Y así, en ejecución de aquella fórmula, el Card. Lercaro no se dio prisa para decidir la suerte del tabernáculo. Lo hizo, en sordina, con los artículo 90 y 91 de la primera Instructio de la Constitución Litúrgica, enseñando que:

«Al construir nuevas Iglesias, o al restaurar o adaptar las ya existentes, se hagan cargo diligentemente de su idoneidad para permitir la celebración de las acciones sacras, según su verdadera naturaleza.»

Una disposición, esta, que descalifica los veinte siglos de la Iglesia, porque las Basílicas, los Santuarios, las Iglesias parroquiales, las Capillas, etc. no habrían sido construidas de manera idónea para permitir la celebración de las Acciones Sacras según su verdadera naturaleza…! El art. 91, luego, va más lejos:

«Es bueno que el altar mayor sea separado de la pared… ¡para poder girar entorno… y celebrar… vuelto al pueblo!»

¡Finalmente…!, roto aquí el “nudo Gordiano”, he aquí el “crimen perfecto”, que puede hacer recordar la astucia diabólica de la que habla Giosuè Carducci en su oda: “La Chiesa di Polenta” (La Iglesia de Polenta) estrofa 15ª, donde se lee “… detrás del Bautisterio, un cervatillo pequeño, cornudo diablo miraba y subsanaba…!”

Pero el Card. Lercaro no se turbó por esto. La solución del problema “tabernáculo” vendrá tres años después con el art. 52 de la “Eucarísticum Mysterium”, donde se dice:

«La Santísima Eucaristía… no puede ser custodiada, continua y habitualmente, si no en un solo altar, en un lugar de la Iglesia misma.»

Como se ve, aparece evidente la oposición entre la expresión “un solo altar” y la segunda expresión: en un lugar de la Iglesia misma”, porque el “único lugar” no significa necesariamente un altar (lateral, ¡o en una capilla!) ya que la palabra “lugar” significa un “lugar” cualquiera, (¡también un “confesionario”, un púlpito, etc.!)

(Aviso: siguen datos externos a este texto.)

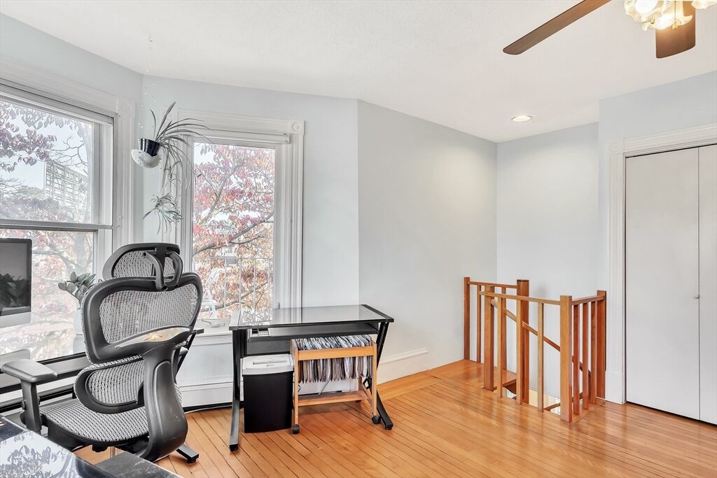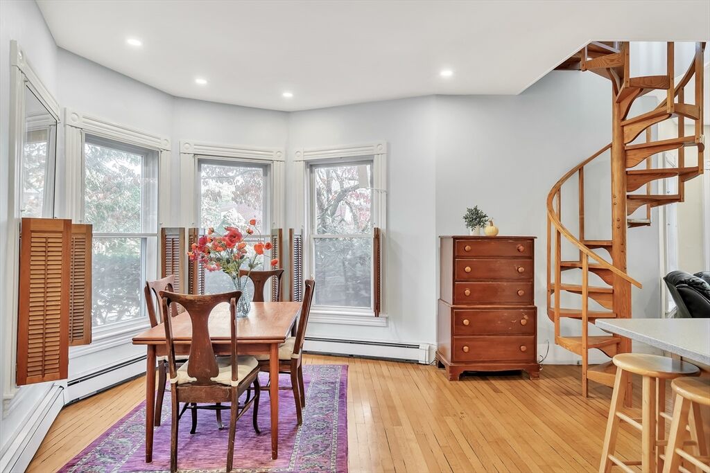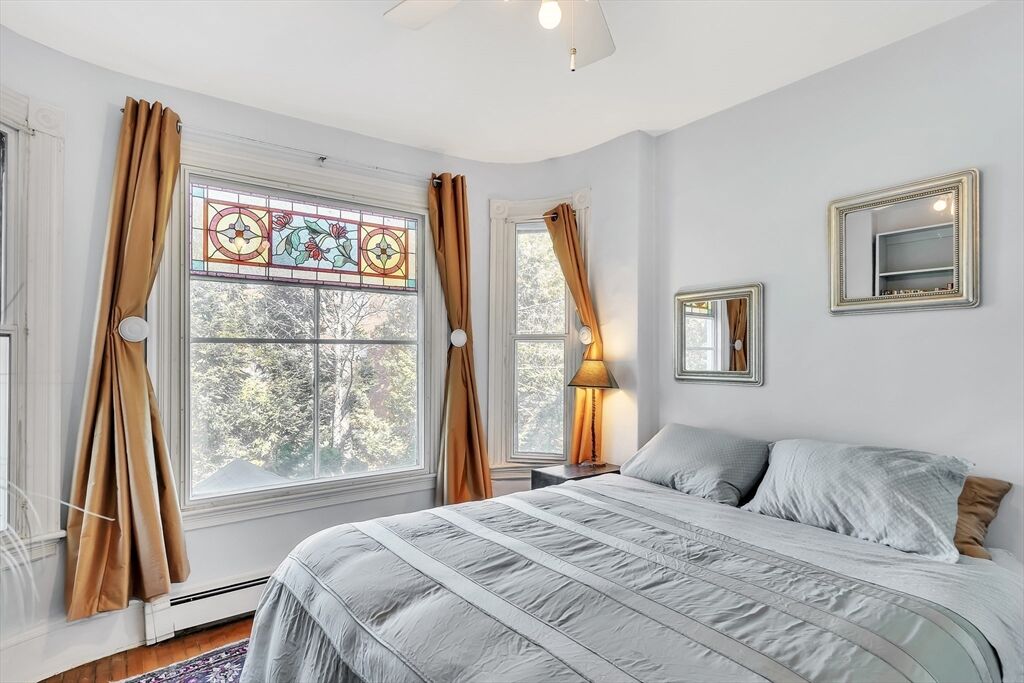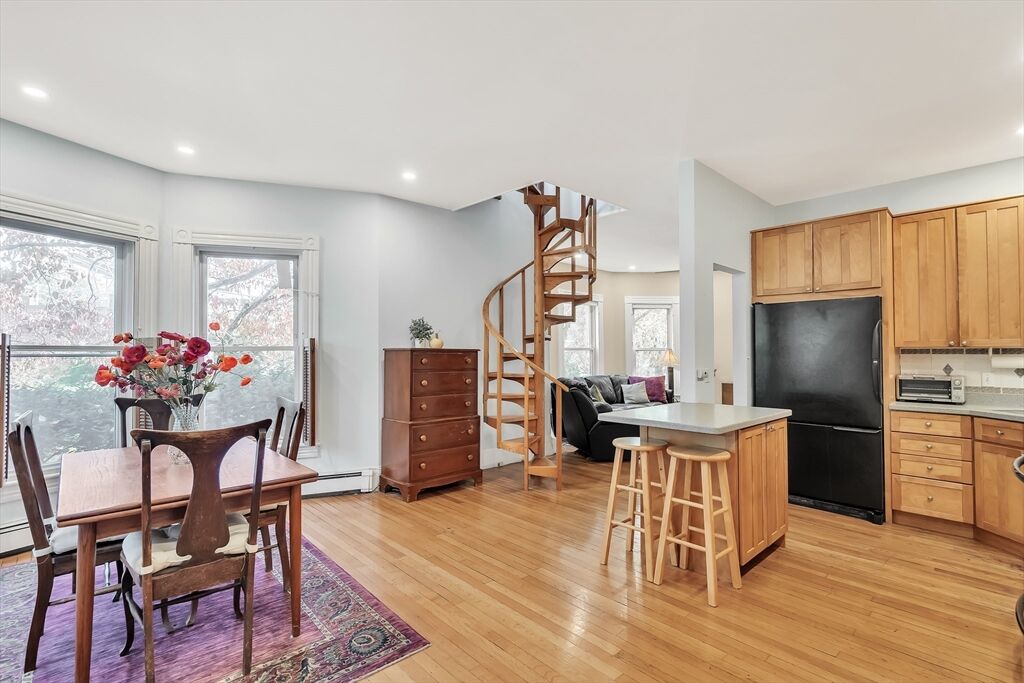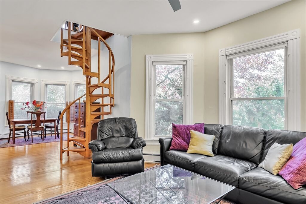 Bright & beautifully renovated two-level, 2 bedroom, 1 bath condo in a charming Victorian home just steps from Porter & Davis Square. The open first floor features high ceilings, bay windows, a modern kitchen with induction stove and breakfast bar, a dining area, & a separate living space perfect for entertaining. A spiral staircase leads to a bright loft that can flex as an office or 2nd bedroom, while the upstairs primary bedroom offers a serene retreat with a lovely stained glass window. The wrap-around private garden & koi pond are truly an urban oasis! Features include:• Gleaming hardwood floors throughout • High ceilings on both levels • Tall Bay windows • Original Victorian rosette trim • Ceiling fans • Private garden with Koi pond • Garage parking for one car • Nest thermostat • Laundry and storage in basement • Walk Score of 95, close to Red Line, bus lines, shops and restaurants. This unique home blends historic charm and modern convenience in a prime Cambridge location.
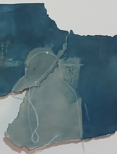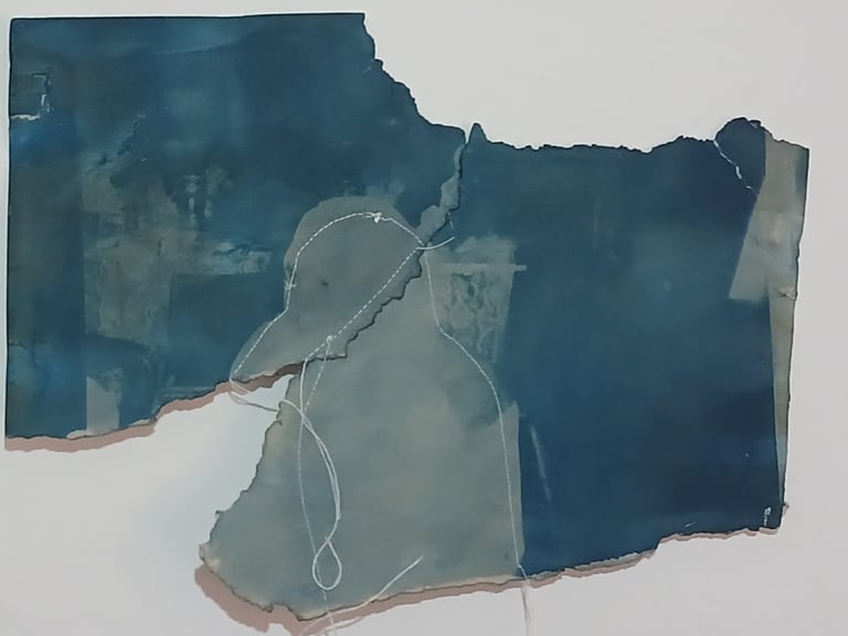 Rakams, Cyanotype onto fabric with crochet & embroidered elements
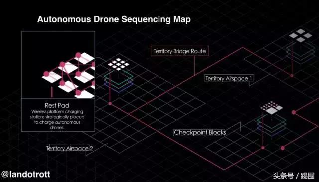 为了成功实现无人驾驶的无人机交付序列,团队需要在给定地域的空域内建立一个网格,程序用虚拟车道表示网格,并在沿途安装充电站以优化长途飞行。这可以通过在路线上设置检查点来完成,可以发送关于距离和目的地的信息更新,以便为在整个地域上部署的充电站提供更多的休息机会。
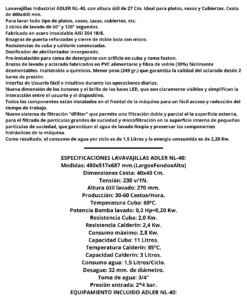 - Lavavasos Adler NL 40 con chasis fabricado en acero inoxidable AISI 304 18/8.
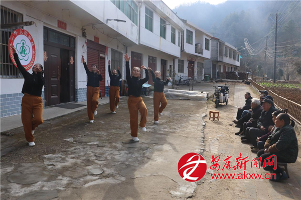 在宁陕县筒车湾镇筒车湾社区白果树组一个小地名叫四块田的地方,冬日的清晨正被欢快的旋律唤醒,李友发与几位老人坐在院坝边看得格外投入。
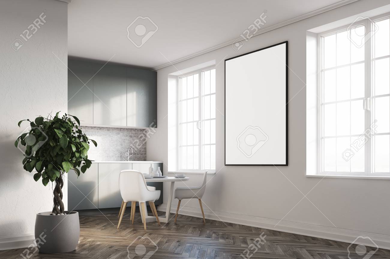 Interieur De Cuisine Blanche Avec Un Plancher En Bois Une Affiche
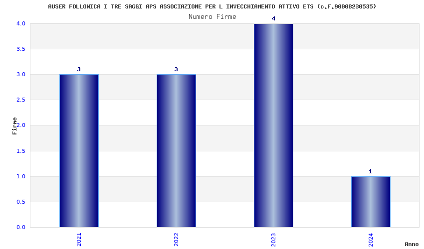 | Anno | Firme | Importi | Media | Naz. | Reg. | Prov. | Comu. |
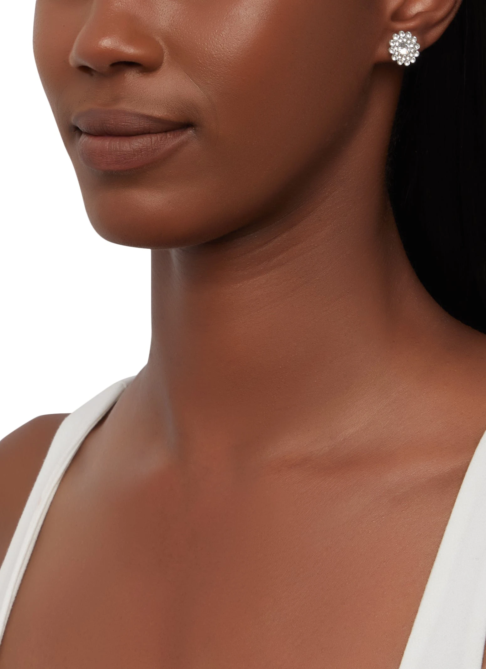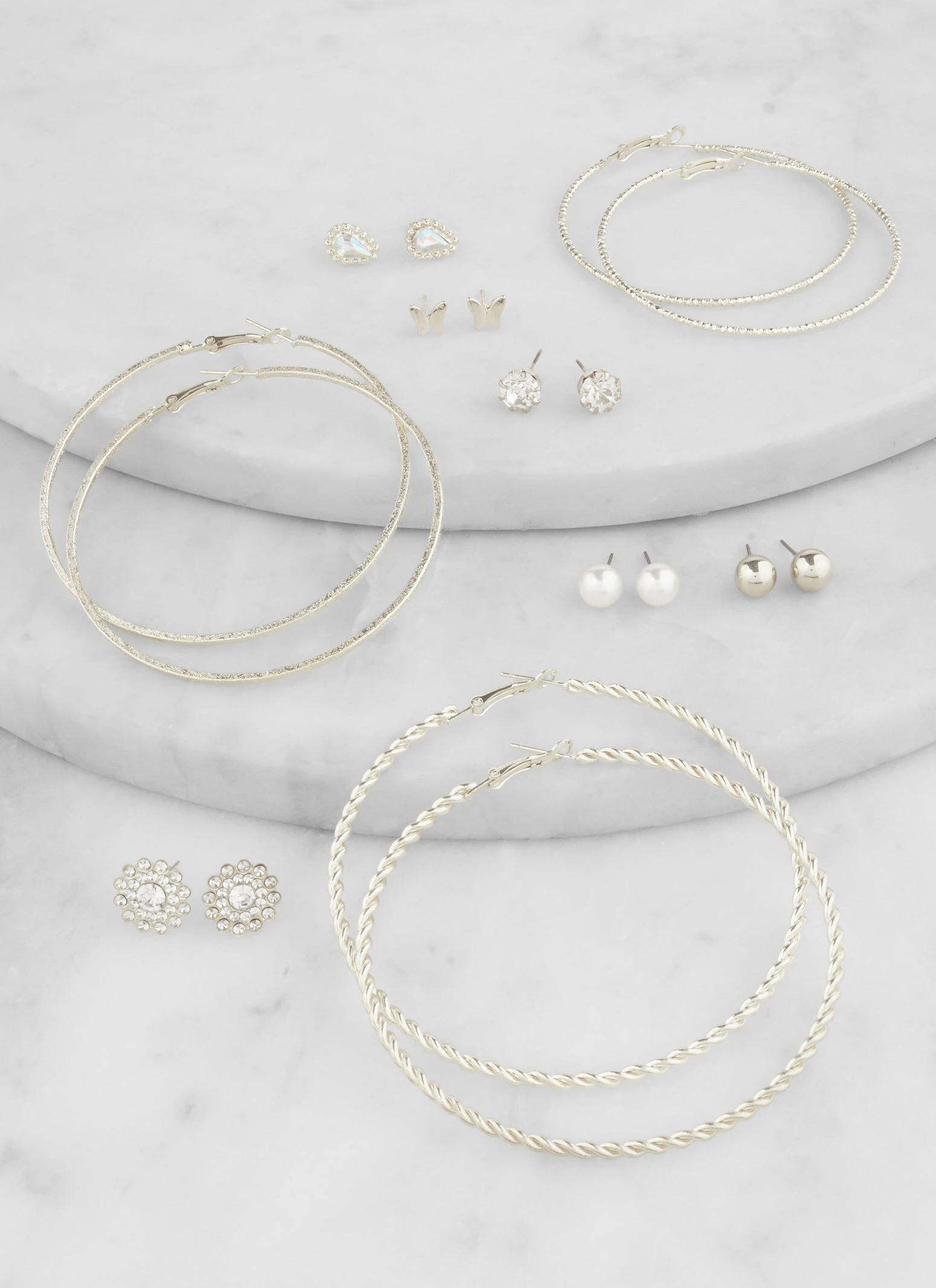 Set Of 9 Rhinestone Stud and Textured Hoop Earrings – SILVER
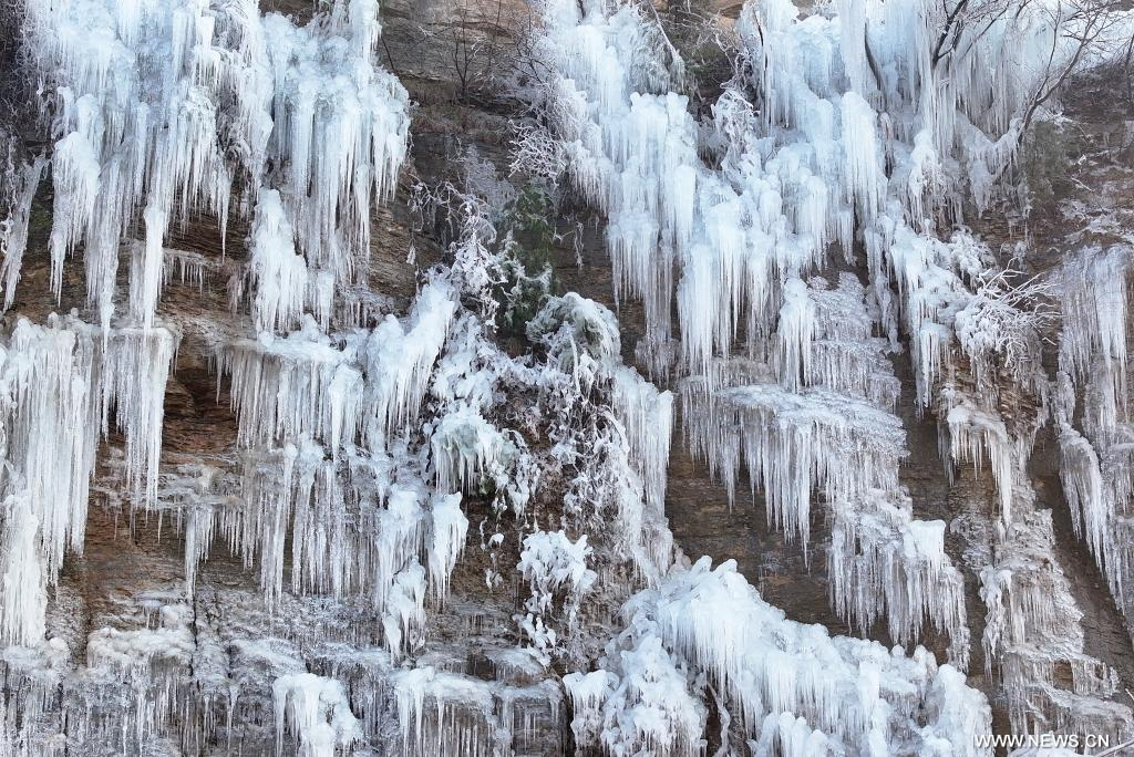 بكين 21 ديسمبر 2024 (شينخوا) في الصورة الملتقطة يوم 20 ديسمبر 2024، منظر للجليد المعلق على جرف جبلي في قرية ياندي في حي شانتينغ في مدينة تساوتشوانغ بمقاطعة شاندونغ بشرقي الصين.
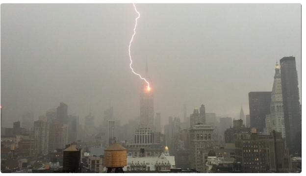 Un video impresionante muestra el momento en que cae un rayo sobre el edificio Empire State, durante una tormenta en la ciudad de Nueva York. Un cuadro del video compartido por el periodista Henrik Moltke muestra el rayo cayendo cerca de la punta del rascacielos el lunes.
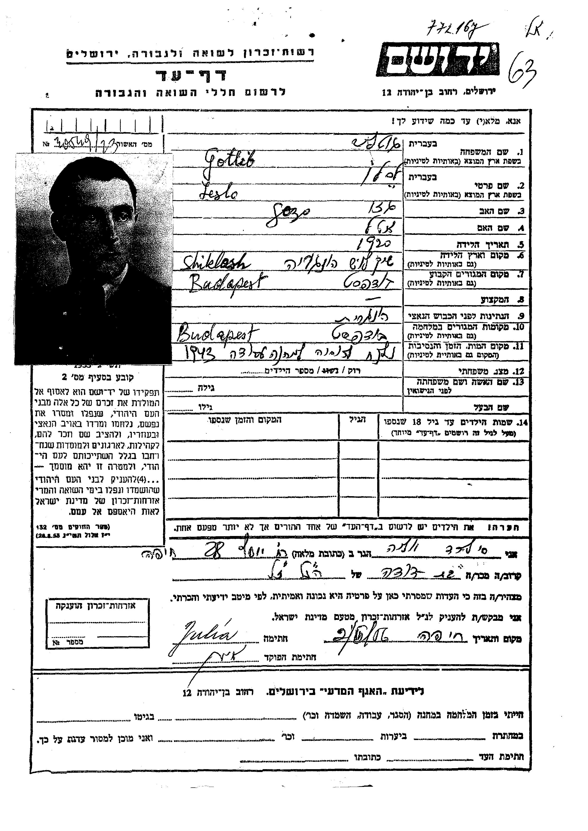 Ласло Готлиб, место рождения: Шиклош, Венгрия. Место жительства до войны: Будапешт, Венгрия.
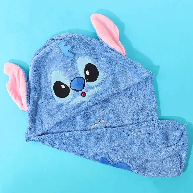 Home Uncategorized Disney Lilo and Stitch Hair Towel Cartoon Anime Figures Quick Dry Hat Super Absorbent Cap Bath Wrap Wipe Towels Girl Women Gifts
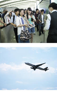 その後、ここまで来たからにはと、展望ホールで彼らの乗る飛行機の離陸を待った。空港内の混雑がここでも表れており、まるで地下鉄並みに次々に離陸する。その混雑が影響したのだろうか、予定を約30分遅れてようやく彼らの飛行機が飛び立った。機内の彼らの今の気持ちに思いを馳せつつ、機影を見送った。
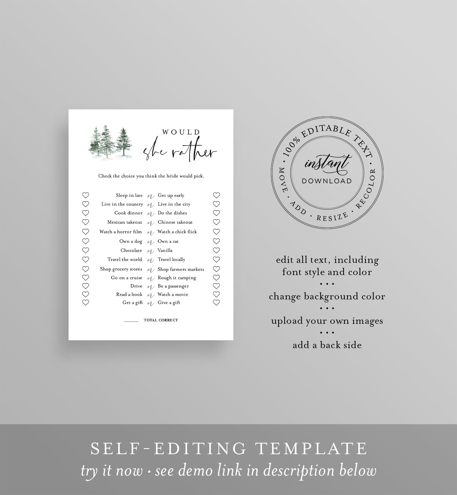 This WOULD SHE RATHER Bridal Shower Game is an INSTANT DOWNLOAD. Access your template within minutes of purchase and edit in TEMPLETT - A fully customizable template editor that allows you to personalize your printable directly in your web browser. No software to install or fonts to download.

Por lo tanto, también aquí, es grave que, antes de la firma del Card. Lercaro y del Card. Larraona, se leyese esta Declaración:

«Praesentem Instructionem… Summus Pont. Paulus VI, in audentia… 13 aprilis 1967… approbavit… et auctoritate sua… confirmavit… et pubblici fieri… jussit…»

Después de que desaparecieran de los altares mayores los tabernáculos, en lugar del “Señor expulsado”, aparece la “Carta del Señor”: el Misal, o la Biblia (¡a la moda protestante!), mientras el Santísimo, que debía ocupar el puesto central del culto, terminó en un escondrijo, en un ángulo más o menos oscuro.

Y esto sería

«para asegurar al pueblo cristiano el tesoro abundante de gracias que la Sacra Liturgia encierra!!!»